Distributed battery energy storage is properly termed as in the battery energy storage device that do not share with other users of user side.And shared battery storage
It can be a kind of alternative of distributed battery energy storage of the user using entity, such as the paper in prior art: Liu J, Zhang
N,Kang C,et al.Cloud energy storage for residential and small commercial
consumers:A business case study[J].Applied Energy.2017,188:226-236..Shared electricity
Pond energy storage brings together distributed battery energy storage originally, and each user can be assigned to store up with original distributed battery
The shared stored energy capacitance of energy identical capacity and characteristic, user can share stored energy capacitance to it and issue charging and discharging instruction, such as
The distributed battery of biconditional operation entity is the same.Shared battery then responds the electric discharge demand that all users summarize, and uses shared electricity
Pond is discharged to user, but shared battery can independently arrange its charging strategy.Due to different user battery usage behavior not
Together, and same user is also different in battery usage behavior not on the same day.Shared battery can use this complementation of user
Property, reduce the capacity of battery investment, that is to say, that the investment capacity of shared battery can be less than all user distribution formula batteries and hold
The aggregation of amount, so as to reduce cost of investment.And in actual operation, when user has an electric discharge demand, but shared battery
When not enough power supply, the network operator of shared battery needs directly to buy electric energy to power grid for user to meet the energy of user and use
Demand.On the whole, shared battery is to rise to cost with lesser operating cost, has exchanged the reduction of cost of investment for, from
And reduce totle drilling cost.
Current general battery investment decision mainly consider how mutually to coordinate with the operation of intermittence new energy or how compared with
All kinds of ancillary services are provided well for power grid.However there is problem of aging in operation for battery class energy storage device, different
Under depth of discharge, battery has different life cycles.And the life cycle of battery has weight for the investment decision of battery
The meaning wanted, if the life cycle of battery is short, years, value cost of investment will rise when other conditions are constant etc., thus right
It is had an impact with the Optimal Decision-making that cost minimization turns to target.Therefore it needs to fully consider that electricity is drawn in operation in investment decision
It is influenced brought by the aging of pond.

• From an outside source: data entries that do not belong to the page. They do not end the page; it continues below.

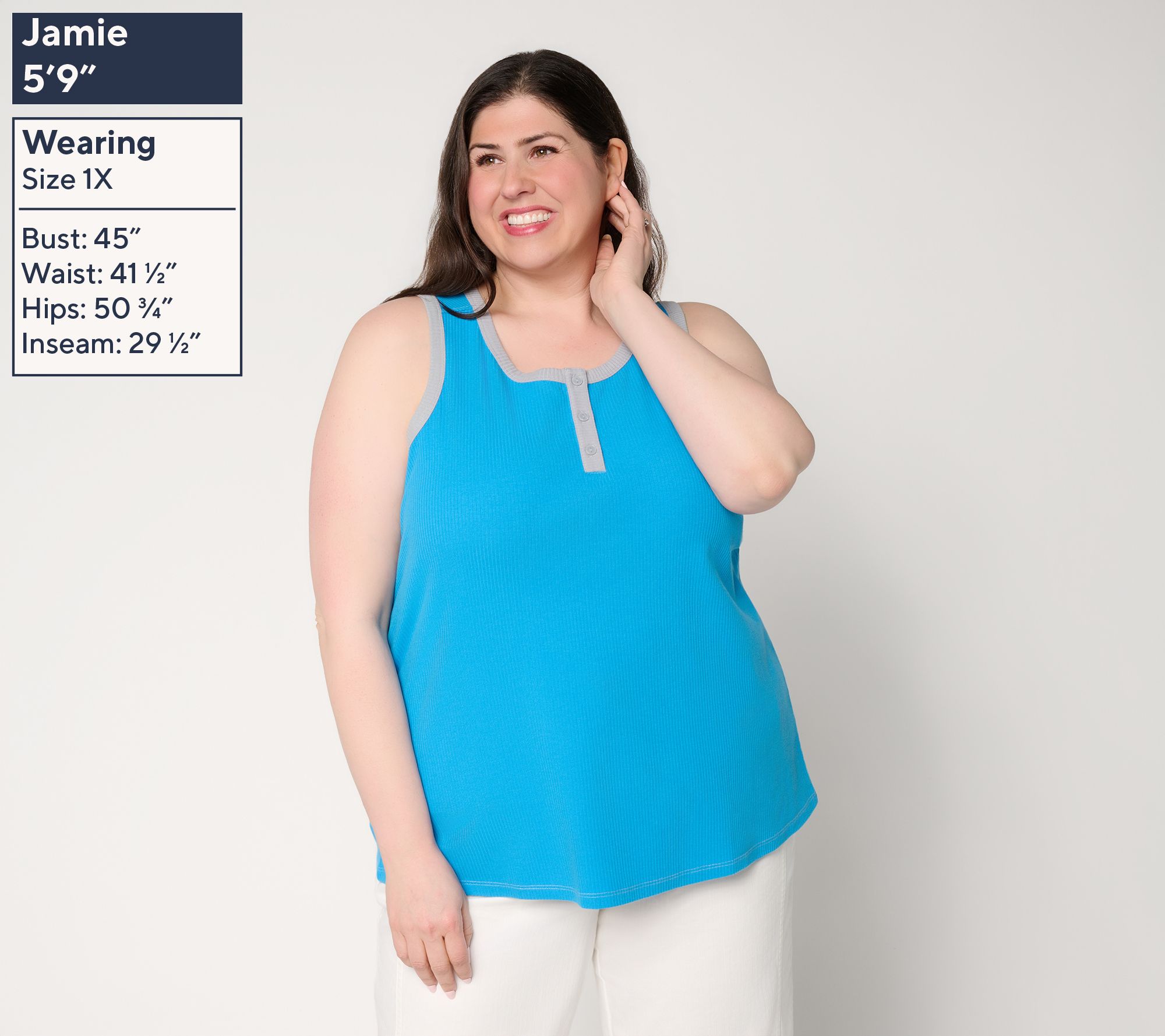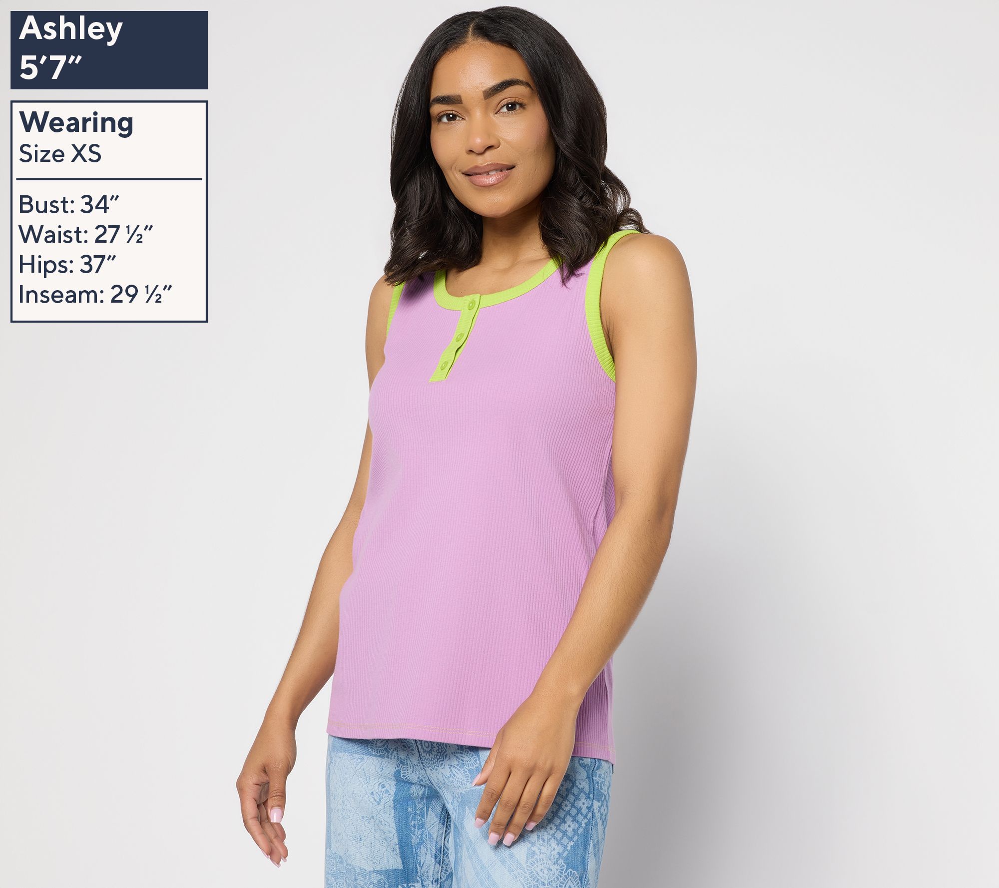 Add a pop of personality to your summer wardrobe with this ribbed tank top. The contrast trim and classic crewneck with placket detail give you a versatile piece that pairs effortlessly with shorts or layered under a cardigan for evening outings. Styled for comfort with a sleeveless silhouette, this top transitions seamlessly from day to night. From LOGO Principles by Lori Goldstein.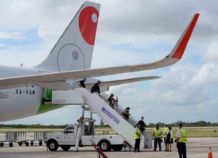 La aerolínea mexicana Viva Aerobus inaugura la reapertura de las operaciones del Aeropuerto de Camagüey Ignacio Agramonte Loynaz, con la máxima observancia de los protocolos de control sanitario internacional, dispuesto para evitar la propagación del nuevo coronavirus, en Camagüey. (Rodolfo Blanco Cué/ACN)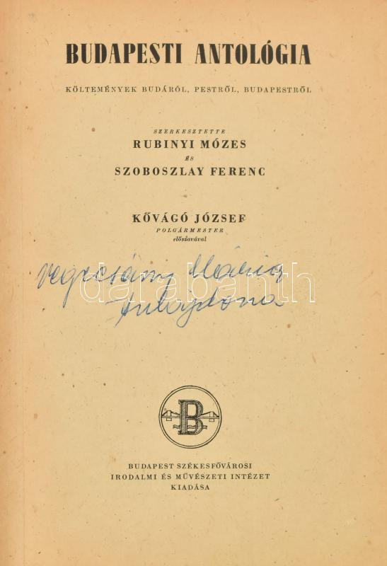 Rubinyi Mózes és Szoboszlay Ferenc Budapesti Antológia. Bp., én. Budap... https://www.darabanth.com/hu/460-Gyorsarveres/460.0/Mutargy-papirregiseg-egyeb/Budapest-150~2500001/Rubinyi-Mozes-es-Szoboszlay-Ferenc-Budapesti-Antologia-Bp-en-Budapesti-Szekesfovarosi-Irodalmi~II3084059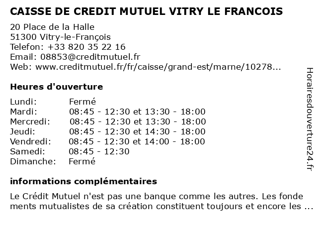Termes de recherche pour CAISSE DE CREDIT MUTUEL VITRY LE FRANCOIS:le, de, vitry, francois, crédit, mutuel, caisse |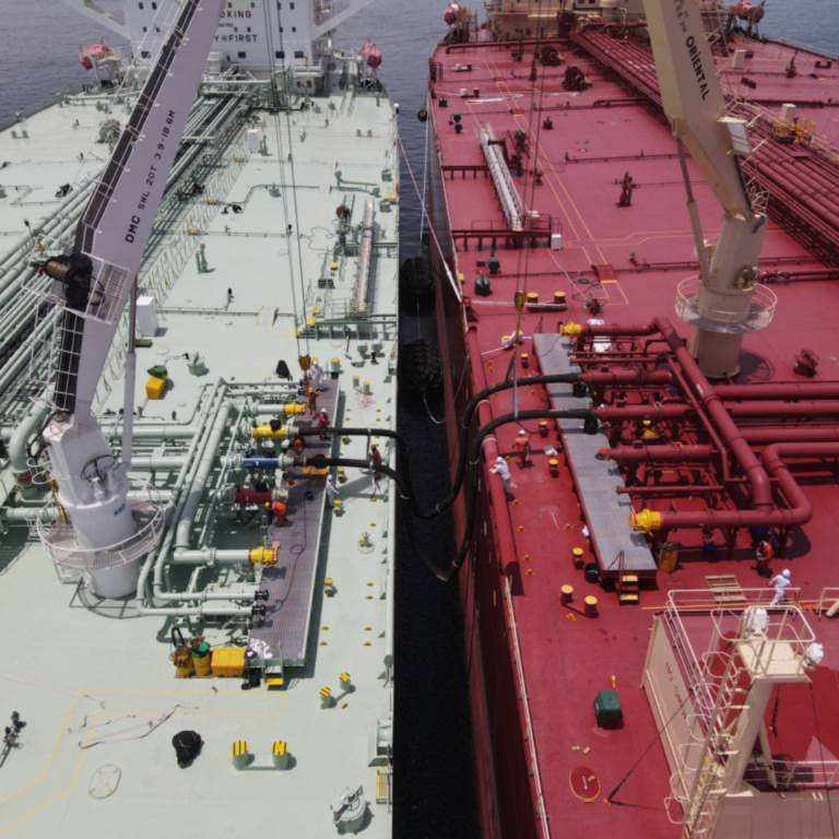 Proporcionamos asistencia para la ejecución de operaciones de transferencia de hidrocarburos buque a buque, lo cual cubre: conexión de equipos propios, certificados y confiables para el abarloamiento de manera segura; suministro de mangueras petroleras para las operaciones de transferencia; custodio de las operaciones a través de un buque de apoyo equipado con el equipo de respuesta ante emergencia ambiental; despliegue de equipos para la contención de derrames, así como actuación en caso de emergencias.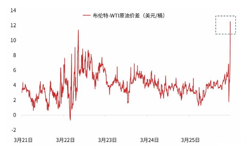 上周,伊朗战争持续升级,伊朗袭击了卡塔尔的能源基础设施,布伦特原油价格升至108.65美元/桶,布伦特-西德克萨斯原油价差扩大至12.51美元。尽管特朗普认为美国可以单方面决定战争何时结束,但伊朗政权的言论却暗示了相反的情况。

General Carter life cycle energy handling capacity (Peukert Lifetime Energy Throughput, PLET) mould
Type is detailed in Tran D, Khambadkone A M.Energy Management for Lifetime Extension of
Energy Storage System in Micro-Grid Applications[J].IEEE Transactions on
Smart Grid.2013,4 (3): 1289-1296., this is that one kind can simulate battery cycle life damage under different operating intensity
The theory of mistake.According to the model, the PLET value and depth of discharge (Depth of Discharge, DOD) and the electric discharge of battery
There is following relationship between cycle-index N under depth:
PLET=N (100DOD)KP
In formula, KP is constant for same battery, and referred to as Pu Kete lifetime constants, value range are usually
1.1~1.3.For arbitrary DOD, PLET may be considered constant, be denoted as PLETlife.The KP and PLET of different batterieslifeOne
As by fitting obtain.
Due to cannot generally complete a complete electric discharge half cycle in each period, and the value range of KP has spy
Different property, available following approximation relation, to calculate PLET value:
ΔPLETt≈(100·ΔDODt)KP
In formula, Δ PLETtIt is the PLET value increment of t period battery.ΔDODtIt is the depth of discharge increment of t period battery, only
Consider electric discharge, does not consider to charge.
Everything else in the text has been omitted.